MPUSP/snakemake-ms-proteomics
Pipeline for automatic processing and quality control of mass spectrometry data
Overview
Topics: bioinformatics conda mass-spectrometry pipeline proteomics snakemake
Latest release: v1.0.0, Last update: 2025-01-30
Linting: linting: passed, Formatting:formatting: passed
Deployment
Step 1: Install Snakemake and Snakedeploy
Snakemake and Snakedeploy are best installed via the Mamba package manager (a drop-in replacement for conda). If you have neither Conda nor Mamba, it is recommended to install Miniforge. More details regarding Mamba can be found here.
When using Mamba, run
mamba create -c conda-forge -c bioconda --name snakemake snakemake snakedeploy
to install both Snakemake and Snakedeploy in an isolated environment. For all following commands ensure that this environment is activated via
conda activate snakemake
Step 2: Deploy workflow
With Snakemake and Snakedeploy installed, the workflow can be deployed as follows.

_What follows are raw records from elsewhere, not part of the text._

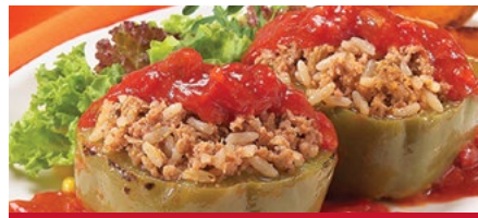
Stuffed Green Peppers

4 x 2.5 kg (5.5 lb) 48 servings (12 rolls per pan)
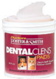
Dental Clens® Pads
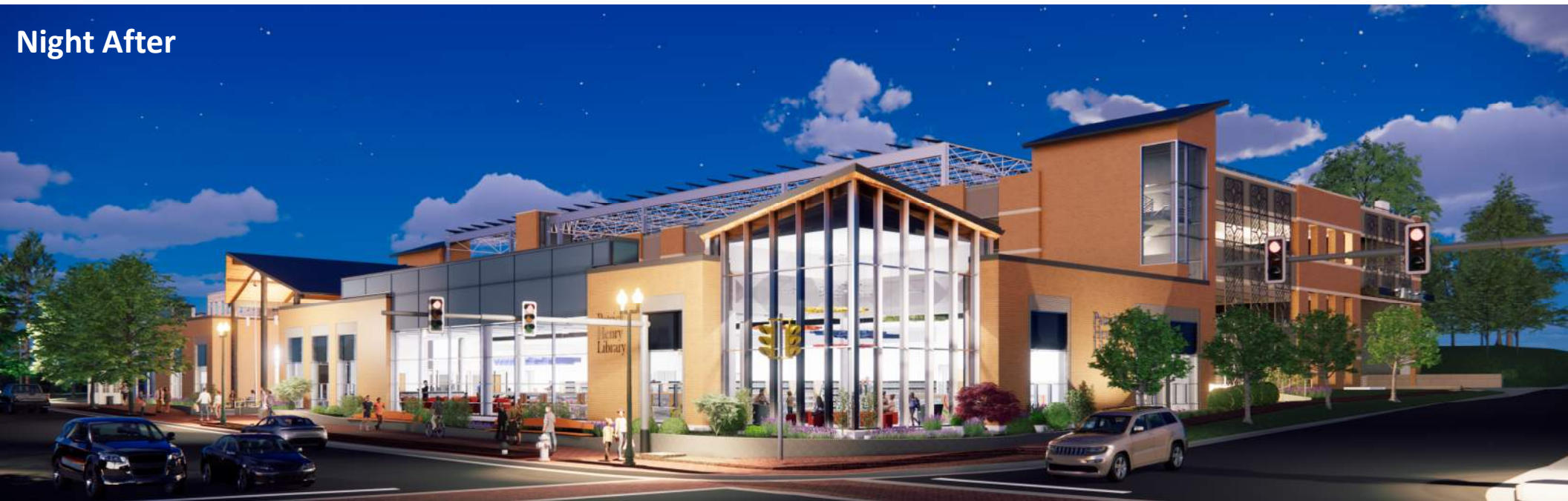
Corner View – Night
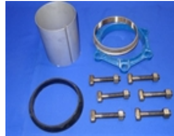
HDPE Joint Restraint Kits
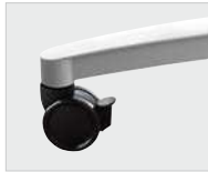
NESTING BASE/ T-LEG CASTER
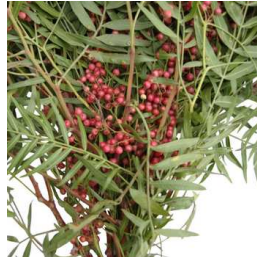
Pepperberry fragrant foliage with red berries, slightly hanging
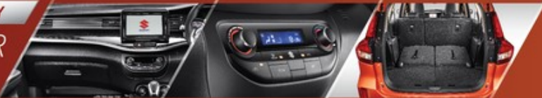
STUNNING CARBON FIBERED PATTERN DASHBOARD
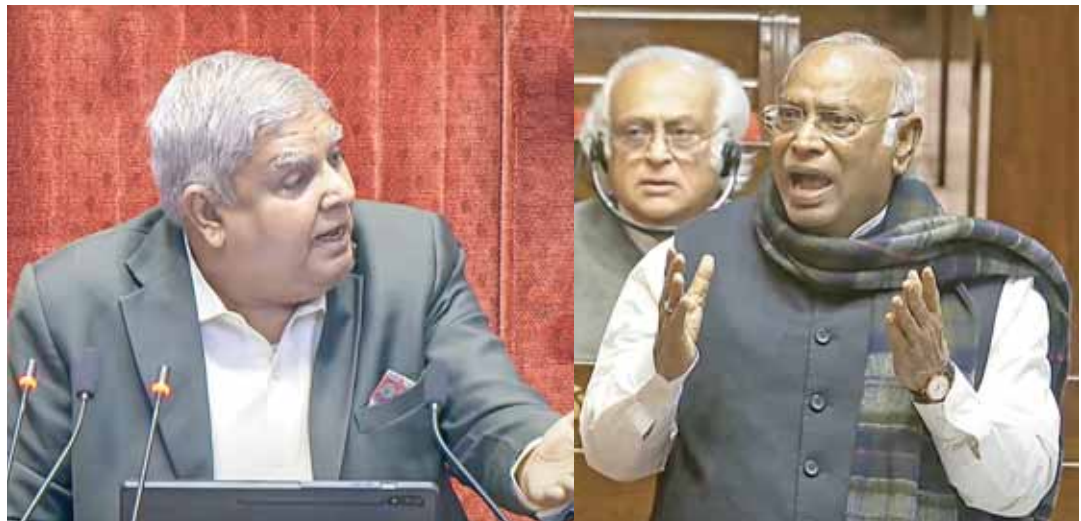
Leader of Opposition Mallikarjun Kharge speaks in the Rajya Sabha as Chairman Jagdeep Dhankhar looks on during Budget session of Parliament, in New Delhi, Tuesday

categorical, the Constitution signed by the founding fathers of the Constitution, carrying 22 miniatures, is the only authentic one and it can include amendments by the Parliament. If there is any change effected by judiciary or any institution, it is not acceptable to this House. "I will appeal to the Leader of the House to ensure that in the country only the authentic version of the Indian Constitution be promulgated. Any violation of this should be taken quite seriously by the government and severe action taken," the Chairman said in the House. Kharge was first given the floor to speak on the issue, who alleged that the BJP was unnecessarily raising the issue to create a controversy. "They are unnecessarily raising the issue and want to create a controversy on Ambedkar's Constitution. They never raised this issue when Ambedkar, Patel, others were alive...Now they are bringing new
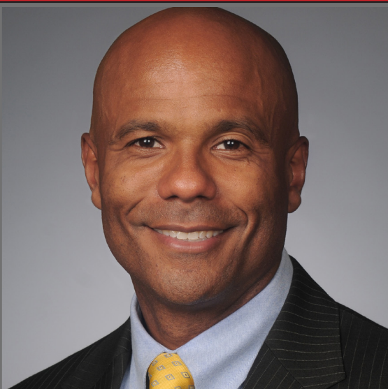
Moderator of Men of Color: Accelerating Your Impact by Serving on Corporate Boards
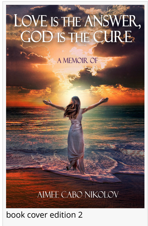
book cover edition 2
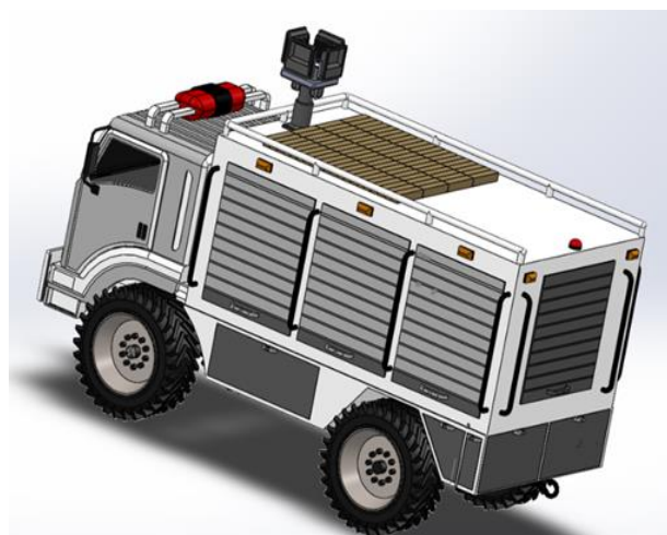
Figure 2. Appearance / overall survival vehicle
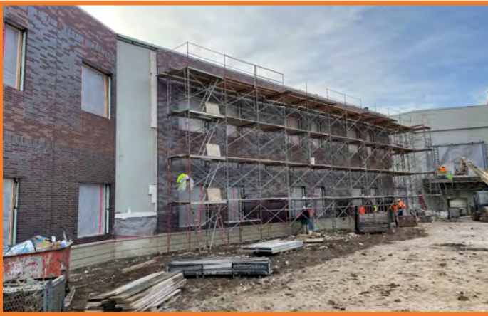
Area C Brick Veneer Progress
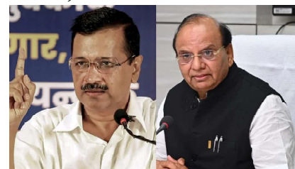
Delhi Chief Minister Arvind Kejriwal, Delhi Lieutenant Governor VK Saxena

received a report from the Chief Secretary in August which showed that serious discrepancies were made in the tender process. "There is gross violation of the Central Vigilance Commission's guidelines and general financial rules," the report said. It also added that the DIMTS was deliberately made a consultant so that the discrepancies in the tender process could be endorsed.
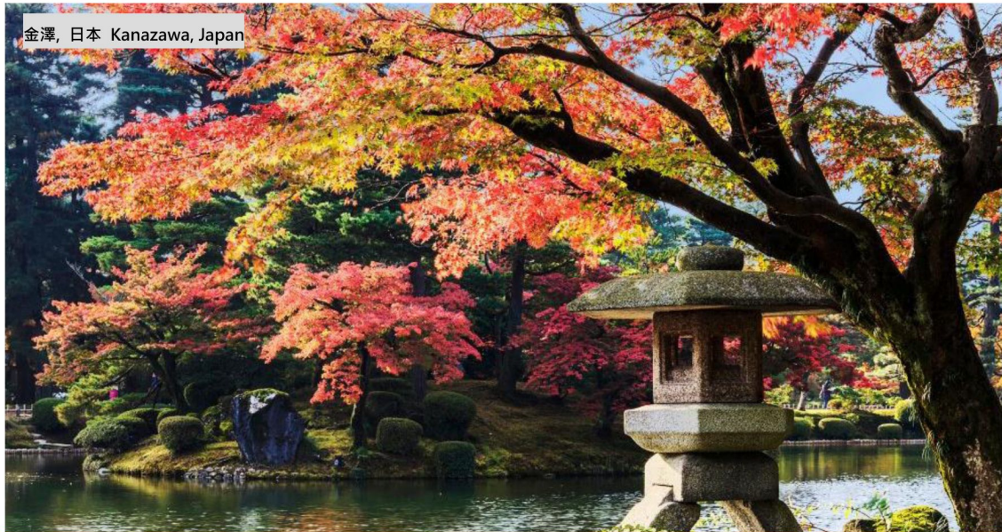
金澤, 日本 Kanazawa, Japan
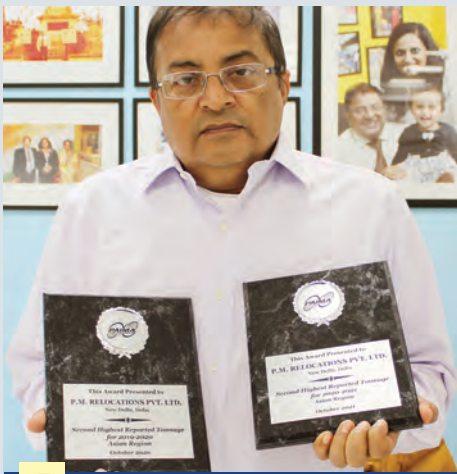
4 PM Relocations
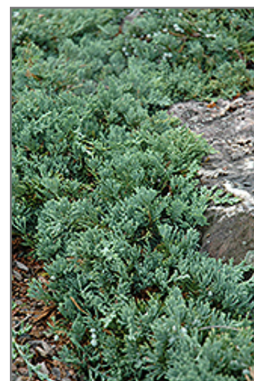
Blue Rug Juniper foliage
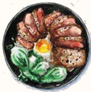
Wagyu Tender 25 horseradish lemon cream, onsen egg, crispy garlic, shredded crispy potato, seasonal side
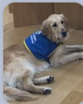
Dog Name: ORPHEE Dog Breed: Golden Retriever Date of Birth: 03/07/2018
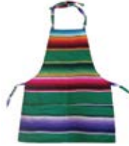
Mandil CODE: MSC010
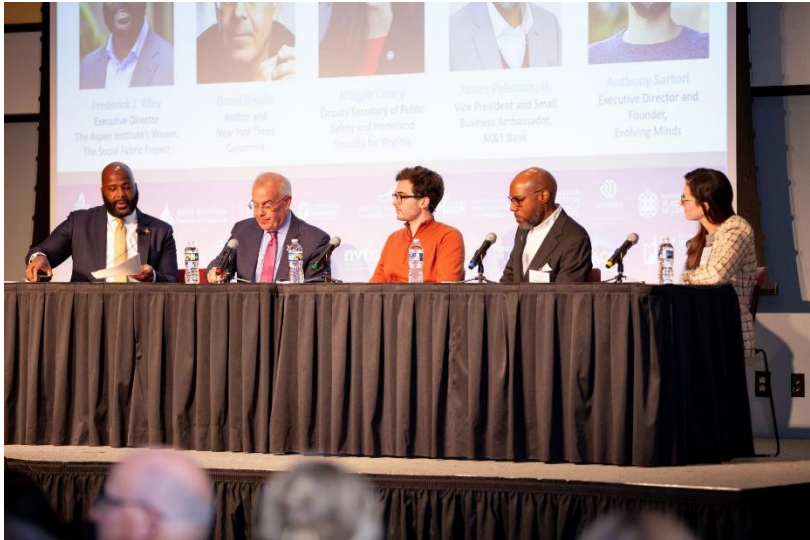
Shape of the Region Conference 2024
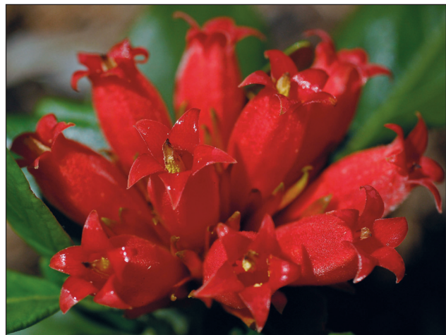
Fig. 1. Flower of Burchellia bubalina .

Burchell is credited with having been the most prolific collector of botanical and zoological specimens, and one of the most scientific of the collectors of that era. In South Africa, he collected 50 000 specimens of plants, seeds and bulbs, and 10 000 specimens of insects, animal skins, skeletons and fish. He painstakingly categorised, described and often drew his specimens; his notes included the exact location, morphological features and habitat of the plants and animals. 2 His botanical collections and catalogue are now at the Royal Gardens in Kew, and his animal collections and catalogues at the Oxford University Museum of Natural History. He was elected a Fellow of the prestigious Linnaean Society when he was only 22 years
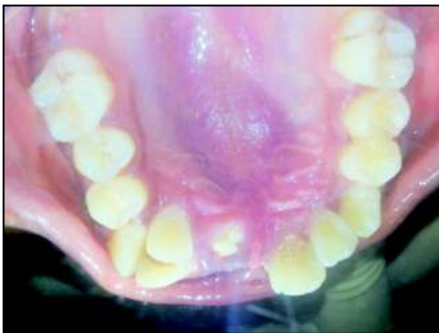
Figure 3 : Pre-Operative Photograph Intraoral View
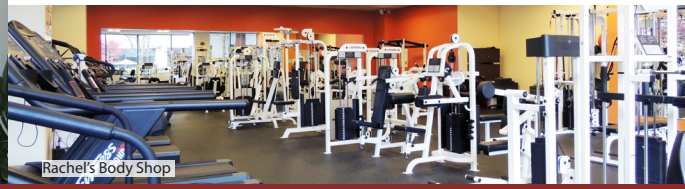
Rachel's Body Shop
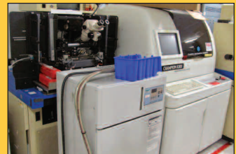
Creative Automation Company Champion 8300 Digital Epoxy Dispensing System

BIDITUP BIDITUP AUCTIONS WORLDWIDE AN INDUSTRIAL ASSETS COMPANY 11426 Ventura Boulevard Studio City, California 91604 Phone: 818.508.7034 Fax: 818.508.3025 info@biditup.com
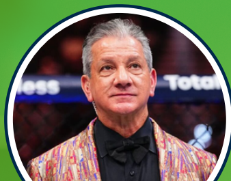
BRUCE BUFFER (VOICE OF THE OCTAGON)
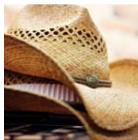
(top) a rousing, dousing excursion with Glacier Raft Company; (above) cowboy hats for sale; (right) breakfast at Montana Coffee Traders

After dinner, amble outside to lounge on the deck. In three days, you've seen a lot, breathed lots of fresh air, and actively engaged one of the most memorable slices of America's great outdoors. You've earned the simple luxury of watching the alpenglow of sunset smear Glacier Park with pink. Becky Lomax first saw Glacier when she was 3, but she still marvels at its beauty. After being a hiking guide in the park for 10 years, she authored Moon Handbooks: Glacier National Park.
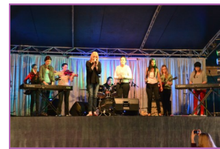
Rock Band performed at Crackerjack Carnival
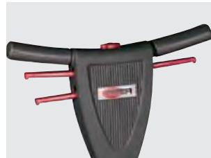
Ergonomically designed handle with height adjustment, center type safety switch and easy to use function lever
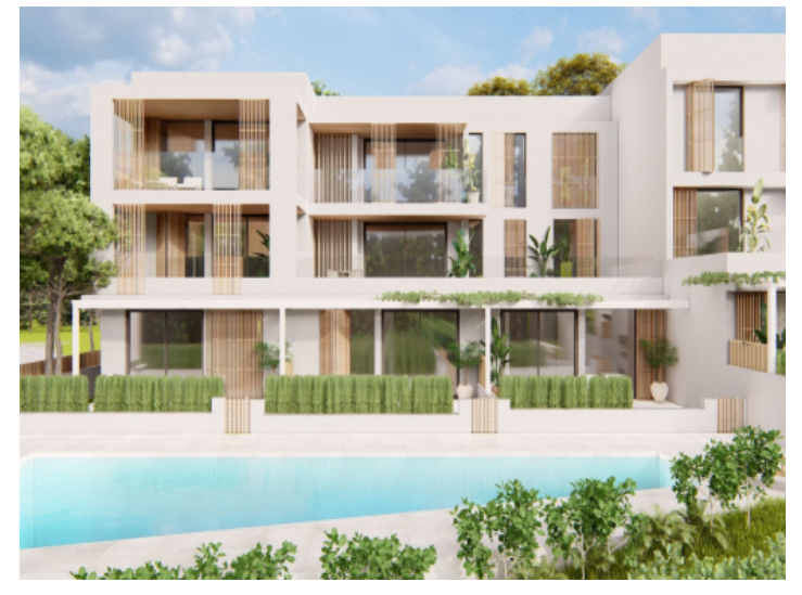
View to the complex
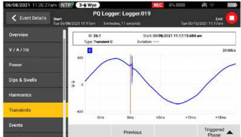
View real-time voltage transitory events while logging for faster troubleshooting

Transients negatively impact otherwise healthy systems every day and their potential to damage your equipment can't be underestimated. Whether your system is experiencing impulsive or oscillatory transients, the results can be devastating and cause problems ranging from insulation failures to total equipment failures. The Fluke 1775 and Fluke 1777 incorporate advanced transient capture technology to help you clearly identify high-speed voltage transients, so you have the data you need to stop them in their tracks. The Fluke 1775 Power Quality Analyzer has 1MHz sampling capability to capture fast transients, while the Fluke 1777 Power Quality Analyzer has 20MHz sampling capability to capture the fastest transients in high detail.
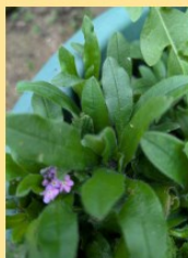
Forget-me-nots (These ones are pink, but many are blue.)

Here are some flowers that are already blooming in the garden. See if you can see them when you are out and about.
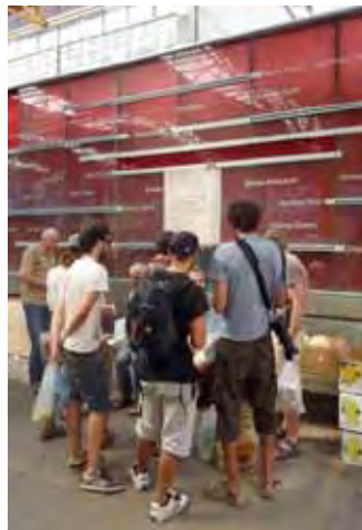
Figure 4. (L) Memorial plaques at the wall of Markale Market Hall
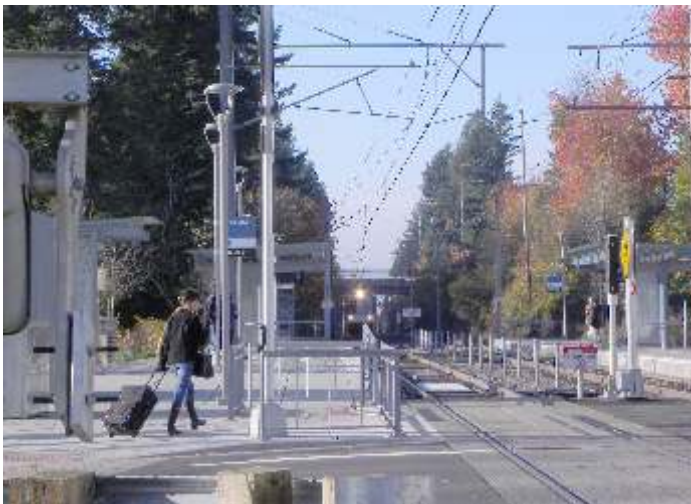
Civic Drive Station...NEW 212th overpass in background.
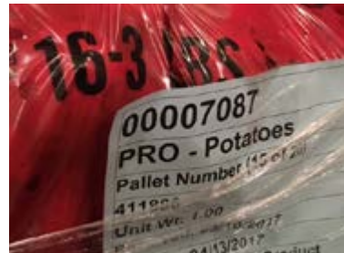
Potatoes The potatoes are $0.05/lb. Order by the pound

First, create an appropriate project working directory on your system and enter it:
mkdir -p path/to/project-workdir
cd path/to/project-workdir
In all following steps, we will assume that you are inside of that directory. Then run
snakedeploy deploy-workflow https://github.com/MPUSP/snakemake-ms-proteomics . --tag v1.0.0
Snakedeploy will create two folders, workflow
and config
. The former contains the deployment of the chosen workflow as a Snakemake module, the latter contains configuration files which will be modified in the next step in order to configure the workflow to your needs.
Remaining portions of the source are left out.